WIESS 2000 Paper
[WIESS Tech Program Index]
A fast
implementation of DES and TripleDES on PARISC 2.0
Francisco Corella
Hewlett Packard
Co.
1. Introduction
Encryption is an essential tool for
protecting the confidentiality of data. Network security protocols
such as SSL or IPSec use encryption to protect Internet traffic from
eavesdropping. Encryption is also used to protect sensitive data
before it is stored on nonsecure disks or tapes.
Encryption, however, is
computationally expensive. A computer server that must encrypt data
for thousands of clients before sending it over the network can
easily become cryptobound. The capacity of the server is then
determined by the speed at which it can perform encryption. This is
especially the case when slow encryption protocols such as the
Digital Encryption Standard (DES) or TripleDES are employed. Since
DES and TripleDES are very widely used, it is important to optimize
the performance of these algorithms.
We describe an implementation of
DES and TripleDES in PARISC 2.0 assembly language that outperforms
other practical (non bitsliced) implementations by large margins. It
is based on a technique due to Eli Biham of the Technion that takes
advantage of 64bit registers, with substantial improvements
developed at Hewlett Packard.
We assume that the reader is
familiar with the details of DES and TripleDES, which are described
in [1].
2. Earlier software
implementations
Most software implementations of
DES and TripleDES are written for machines having 32bit registers.

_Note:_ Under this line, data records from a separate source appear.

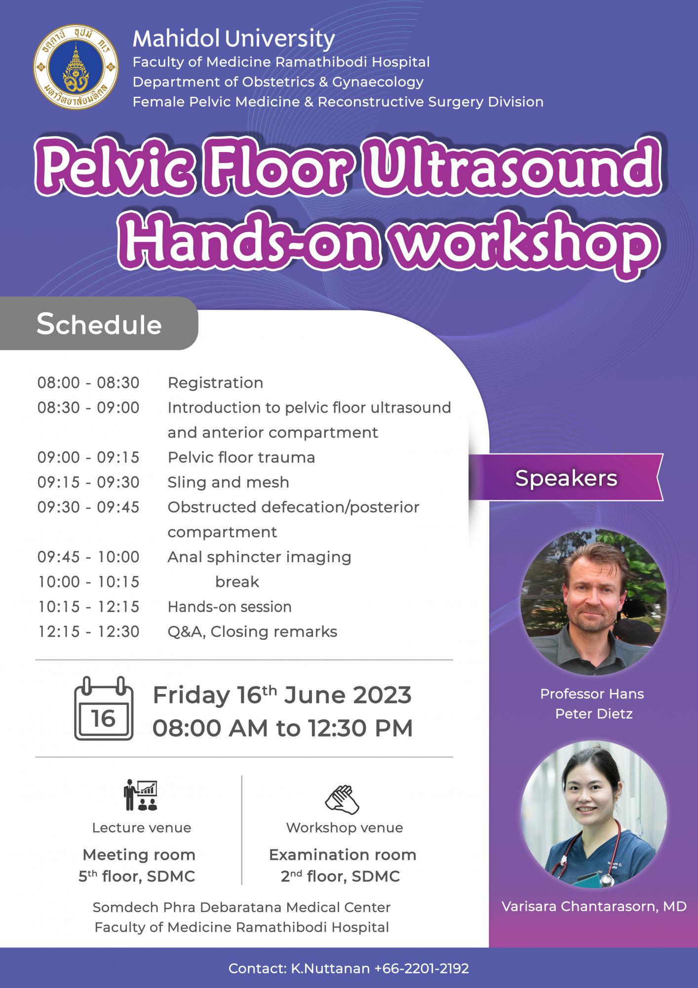 สาขาวิชาเวชศาสตร์เชิงกรานสตรีและศัลยกรรมซ่อมเสริม ภาควิชาสูติศาสตร์-นรีเวชวิทยา คณะแพทยศาสตร์โรงพยาบาลรามาธิบดี มหาวิทยาลัยมหิดล ขอเชิญผู้สนใจเข้าร่วมฟังบรรยาย "Pelvic floor ultrasound hand-on workshop"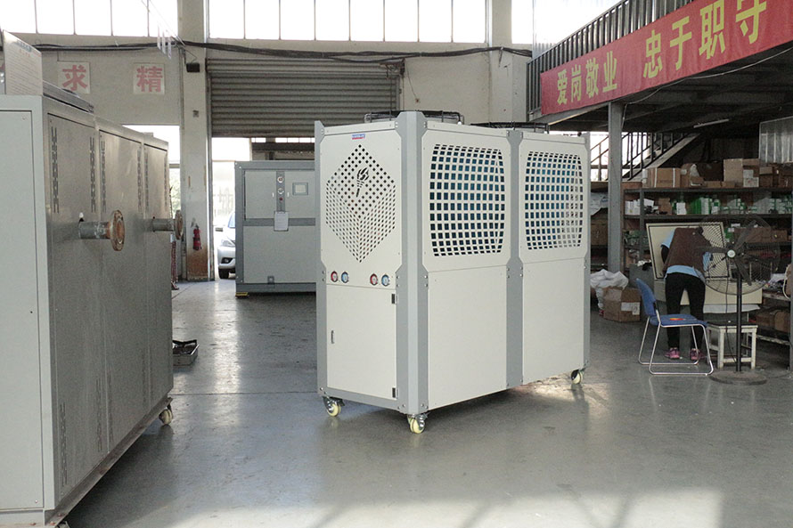 1、風冷式吹塑配套冷水機,通過風扇以空氣為冷凝方式的控溫設備,有箱式和螺桿式;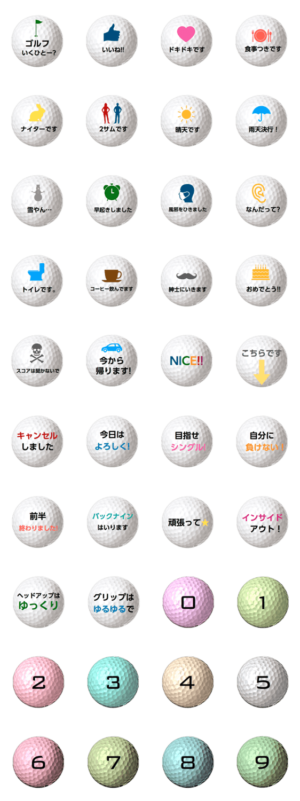 ゴルフ大好き! ゴルフボールで会話したい第三弾。 行く前、ラウンド中、行った後スタンプを重ねて気分を盛り上げよう。 第一弾、第二弾もよろしく!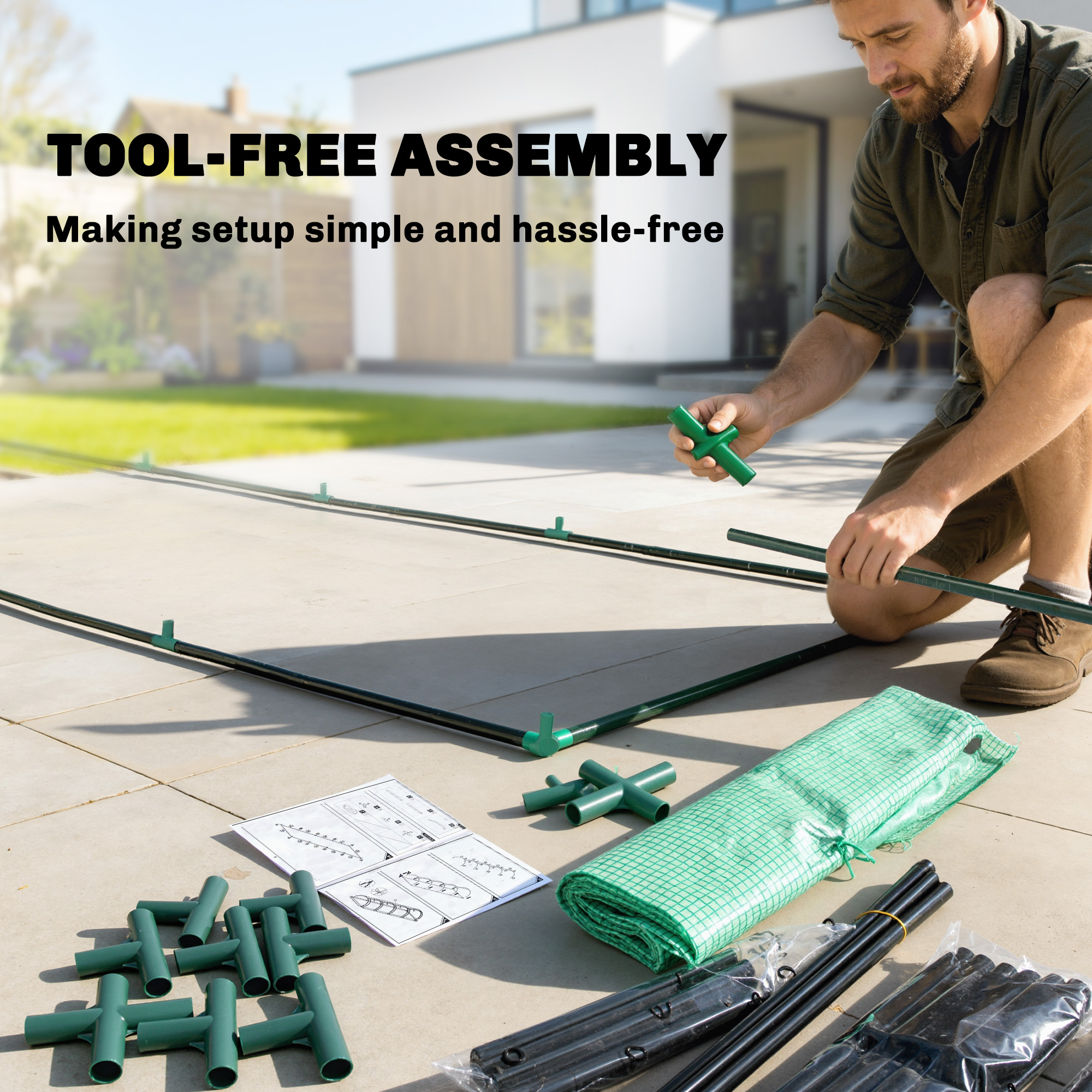 Tired of unpredictable weather and unwanted guests threatening your garden? The [BRAND NAME] mini greenhouse eases your worries. Four roll-up doors are great for easy plant care and excellent ventilation. The protective PE cover creates a nurturing microclimate. Tool-free assembly makes setup simple and hassle-free. The wide and low design is a great addition to balconies and patios. Great for every green thumb looking for a garden tunnel greenhouse to cultivate their garden polytunnel paradise!

In 1997, Eli Biham published an implementation, written in C,
specifically targeted for the 64bit Alpha architecture
[2].
Biham took advantage of the 64bit
register width as follows. He stored the two block halves that each
round of DES operates on in two separate 64bit registers. However,
instead of storing them in their standard 32bit format, he stored
them in the 48bit format that results from applying the expansion
permutation to a 32bit array, with zeros in the twelve remaining bit
positions. Each round then proceeds as follows. The right half, which
is already in expanded form in a 64bit register, is xored with the
subkey, which is also contained in a 64bit register. Then the
resulting 48bit array is divided into eight groups of six bits, each
of which is used as the index into an Sbox.
Biham also changed the format of
the Sboxes. He turned each Sbox entry into a 64bit array, derived
from the 4bit array of the original Sbox by the following
procedure. First the 4bit array is placed in its proper position
within a 32bit (unexpanded) block half, the other bit positions in
the array being filled with zeros. Then the 32bit permutation is
applied to the 32bit array. Finally, the expansion permutation is
applied to this 32bit array, producing a 48bit array, which is
completed with zeros in the twelve remaining bit positions. Biham's
algorithm does an Sbox look up as a straightforward DES
implementation would, but the look up produces a 64bit array, mostly
filled with zeros, rather than a 4bit array. After the eight Sboxes
have been looked up, the eight resulting 64bit results are ored
together and the result is then xored with the left half, which is
also stored in a 64bit register in the expanded 48bit
format.
With this implementation, Biham
achieved a throughput of 46 Mb/s for DES and 22 Mb/s for TripleDES
on a 300 MHz Alpha 8400 processor. He compared this performance to
that of Eric Young's libdes library on the same machine, which
presumably does not take advantage of the 64bit register width. The
performance of libdes was quoted by Biham as 28 Mb/s for
DES.
Recently, however, other 32bit
implementations have achieved better performance. The popular BSAFE
cryptographic toolkit of RSASecurity, can serve as a good benchmark
for comparison purposes. At the 1999 RSA conference, substantial
performance improvements for several BSAFE algorithms were announced.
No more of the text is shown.